Truth Table: ~(A * B) =? ~A + ~B | |||||||
---|---|---|---|---|---|---|---|
A | ~A | B | ~B | A*B | ~(A*B) | ~A+~B | Match? |
0 | 1 | 0 | 1 | 0 | 1 | 1 | Yes |
0 | 1 | 1 | 0 | 0 | 1 | 1 | Yes |
1 | 0 | 0 | 1 | 0 | 1 | 1 | Yes |
1 | 0 | 1 | 0 | 1 | 0 | 0 | Yes |
Truth Table: ~(A + B) =? ~A * ~B | |||||||
---|---|---|---|---|---|---|---|
A | ~A | B | ~B | A+B | ~(A+B) | ~A*~B | Match? |
0 | 1 | 0 | 1 | 0 | 1 | 1 | Yes |
0 | 1 | 1 | 0 | 1 | 0 | 0 | Yes |
1 | 0 | 0 | 1 | 1 | 0 | 0 | Yes |
1 | 0 | 1 | 0 | 1 | 0 | 0 | Yes |
Thus we have shown that DeMorgan’s Laws are true. Now try a couple of simplifications.
A'B'C' + AB'C' +A'B'D (change it to a form that matches the notation above) ~A*~B*~C + A*~B*~C + ~A*~B*D (extract out ~B*~C out of the first 2 terms) ~B*~C*(A+~A) + ~A*~B*D (Distributive Law) ~B*~C*1 + ~A*~B*D (Complement Law) ~B*(~C + ~A*D) (Distributive Law)

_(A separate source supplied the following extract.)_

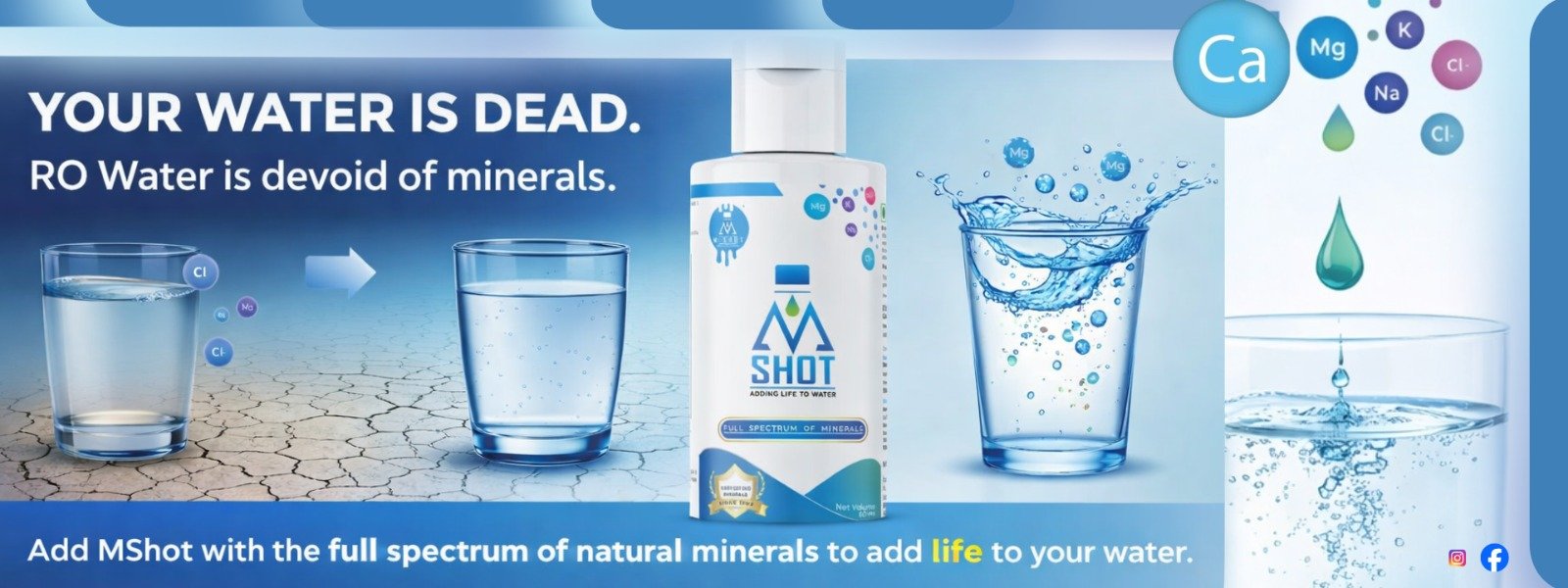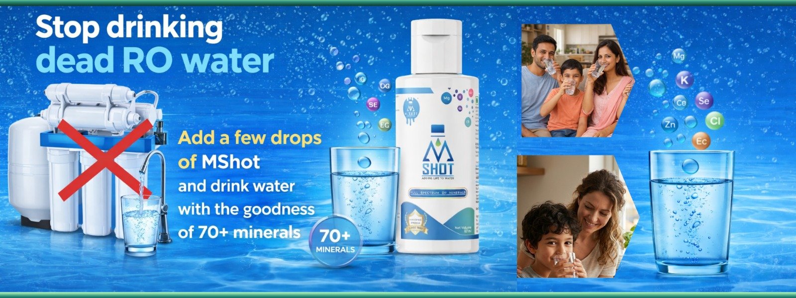M-Shot minerals are in ionic form — absorbed directly by your cells, unlike rock-form minerals or ceramic RO cartridges.

I do not see a way to reduce it further. Mot for a bit harder one>
A*B*C + A*B*~C + A*C*D + A*~C*D + A*C*~D + A*~(C + D) A*B*C + A*B*~C + A*C*D + A*~C*D + A*C*~D + A*~C*~D [DeMorgan's Law] A*B*C + A*B*~C + D*(A*C + A*~C) + ~D*(A*C + A*~C) [Distribution] A*B*C + A*B*~C + (D + ~D)*(A*C + A*~C) [Distribution] B*(A*C + A*~C) + 1*(A*C + A*~C) [Distribution and Complement] (B + 1)*(A*C + A*~C) [Distribution] 1*(A*C + A*~C) [Complement] A*C + A*~C [Simplification] A*(C+~C) [Distribution] A*1 [Complement] A [Simplification]

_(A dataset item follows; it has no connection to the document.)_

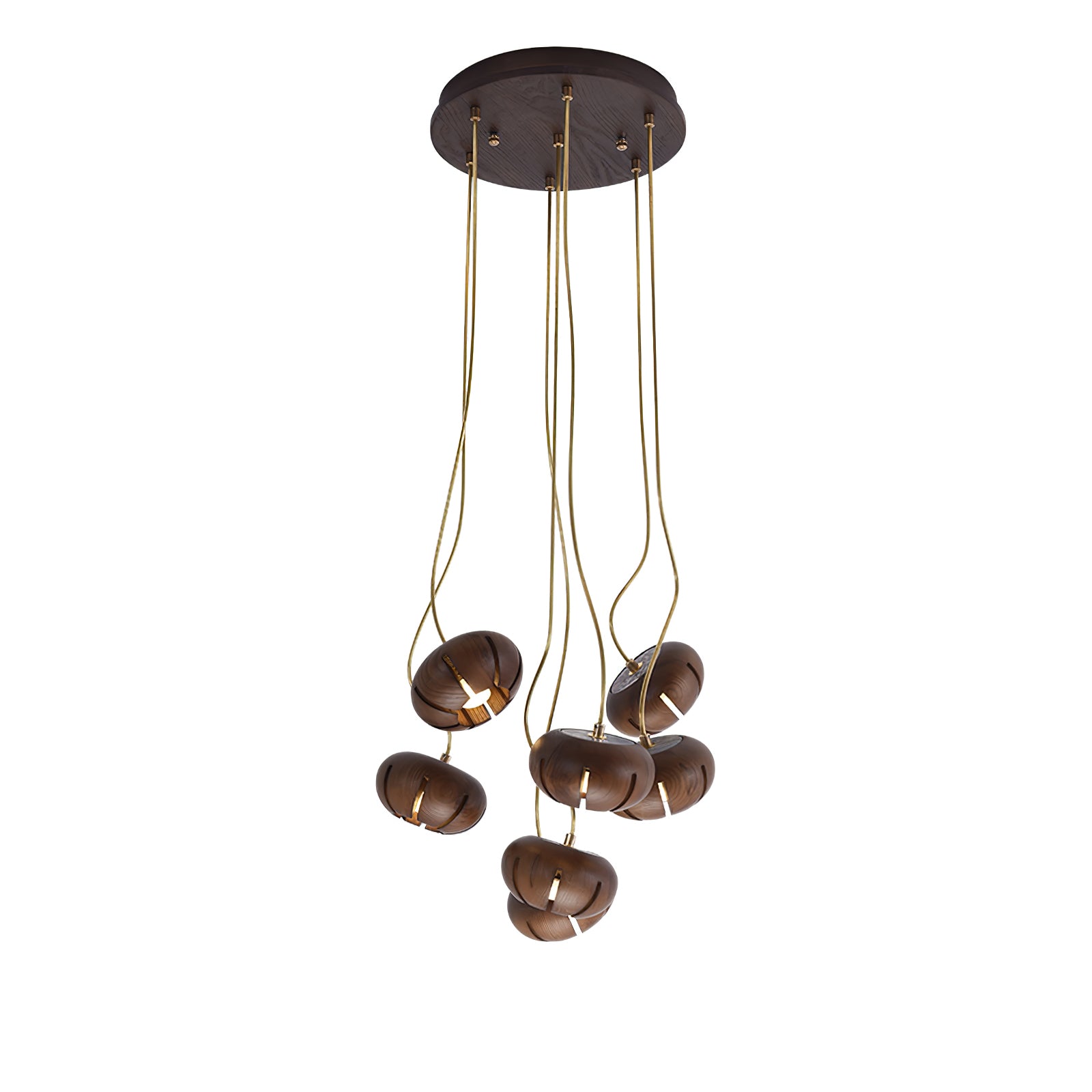 Inspired by the organic beauty of nature, the Pumpkin Cluster Chandelier brings the warmth and richness of wood into a modern lighting design. The cluster of wooden "pumpkins" suspended from a sleek, dark circular canopy evokes the essence of autumnal harvests, infusing spaces with a rustic yet contemporary charm. Each wooden element is carefully crafted to resemble the natural contours of a pumpkin, creating a harmonious blend of natural forms and modern aesthetics. This chandelier is perfect for those who appreciate the beauty of natural materials and want to make a bold yet warm statement in their living space.

Now, the purpose of these reductions is to simplify circuits and limit the number of gates needed to create the desired circuit. I was looking for a way to draw a circuit to match the Boolean expressions on this page. One tool that does look promising is Scheme-It.